Closer Look: Intelligent Infrastructure Monitoring

This blog is running in conjunction with the upcoming Opsramp/451 webinar: The Four Stages of IT Operations Maturity.

In this article:

Learn why infrastructure monitoring tools need to adapt
The early issues with new, intelligent infrastructure monitoring
How intelligent infrastructure monitoring tools work

Infrastructure monitoring systems have been undergoing massive change in the past few years. Before the proliferation of cloud computing, IoT and edge computing, mobile apps and SaaS apps, the practice was fairly static, albeit traditionally quite siloed.

IT managers needed to get data on a set of standard metrics, from a handful of tools:

Application – Performance (like response time and error rates) and availability
Operating System – Utilization, OS service availability
Security– patch compliance, intrusion attempts, MTTD, MTTR
Network – Bandwidth consumption, latency, throughput and availability.
Storage–Capacity, IOPS, latency
Hardware – CPU, memory, disk usage

This was fairly simple to do, since most of this data came from systems inside the corporate firewall—systems which IT had full control over and which changed infrequently.

Now enterprises are running IT in the cloud as well as maintaining internal data centers, and they might be running multiple cloud environments. Employees are fully engaged in shadow IT, which means that anywhere from 20% to 50% of data and applications is flying under the radar – unmanaged and unmonitored for performance and security risks.
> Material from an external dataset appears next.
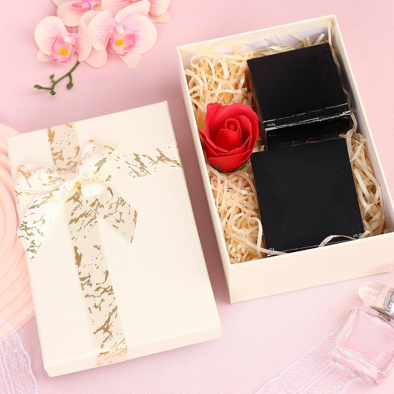 PACKAGE INCLUDES: 3Pc Set Gift Box. Material: Paper + Cardboard. (Please note that only the Gift Box is included; the other props are only for reference and are not included with the product.)

As well, there is exponentially more data to discover and analyze.

Fortunately, new technology solutions have been introduced that apply machine learning to help control the chaos of dynamic and highly distributed IT assets. Modern infrastructure monitoring systems can look across many environments, technologies and toolsets to pinpoint critical problems and their root causes much faster.

The advent of machine-learning monitoring technologies

The industry started to see machine learning applied to monitoring around 2016, according to Nancy Gohring, Senior Research Analyst with 451 Research. In this video below, Gohring discusses the rise of intelligent monitoring as a core characteristic of the modern IT operations organization.

The 451 Research report from 2019, “The ITOps Evolution,” discusses the four stages of IT Operations: Traditional, Maturing, Modern and Future. As organizations progress to the Modern phase, adding AI and machine learning capabilities to their IT operations platform is an important enabler.

In those early days, the user experience for this type of software, often called AIOps, was not great, she says. “It was difficult. The user had to choose the metric and sometimes even the algorithm for the machine learning to work with, and it was ripe with error.” In the next phase of AI-driven software development, vendors applied machine learning to analyze all of their operational metrics. But this just created more alerts and information overload.

Finally, things began to get clear when tools grouped alert data into severity categories, such as Critical, Major or Minor, and connected them to context-rich incidents. The latest step has been causation, Gohring says: “The systems began to look at things like topology to make sure there were correlations in the data other than time.”

“Intelligent monitoring tools will be relied upon to accurately pinpoint the cause of issues and then kick off the right automation to fix them,”
- Nancy Gohring, Senior Analyst, Application and Infrastructure Performance, 451 Research

Intelligent monitoring: a journey toward IT operations excellence

Being proactive is one of the top characteristics of high-performing IT operations organizations, according to a report by the Digital Enterprise Journal; the research states that 79% of top-performing organizations can detect performance issues proactively compared to 39% for other organizations.

Artificial intelligence and intelligent monitoring can help drive this by using algorithms, or inference models to correlate, deduplicate or suppress alerts that have a similar point of origination or behavior. With intelligent infrastructure monitoring, organizations can filter machine data much faster so users only receive the valid alerts, and eliminate duplicates.

Operators can also prioritize incident resolution if the alert data is connected to specific business services, such as the ecommerce site. A newer development in the space is the notion of collective intelligence, says Gohring, in which SaaS vendors are monitoring data across their customer base to see patterns which can inform more accurate suggestions by the system.

The ROI from intelligent infrastructure monitoring depends upon advances in our understanding of automation best practices in IT environments. “Intelligent monitoring tools will be relied upon to accurately pinpoint the cause of issues and then kick off the right automation to fix them,” Gohring says.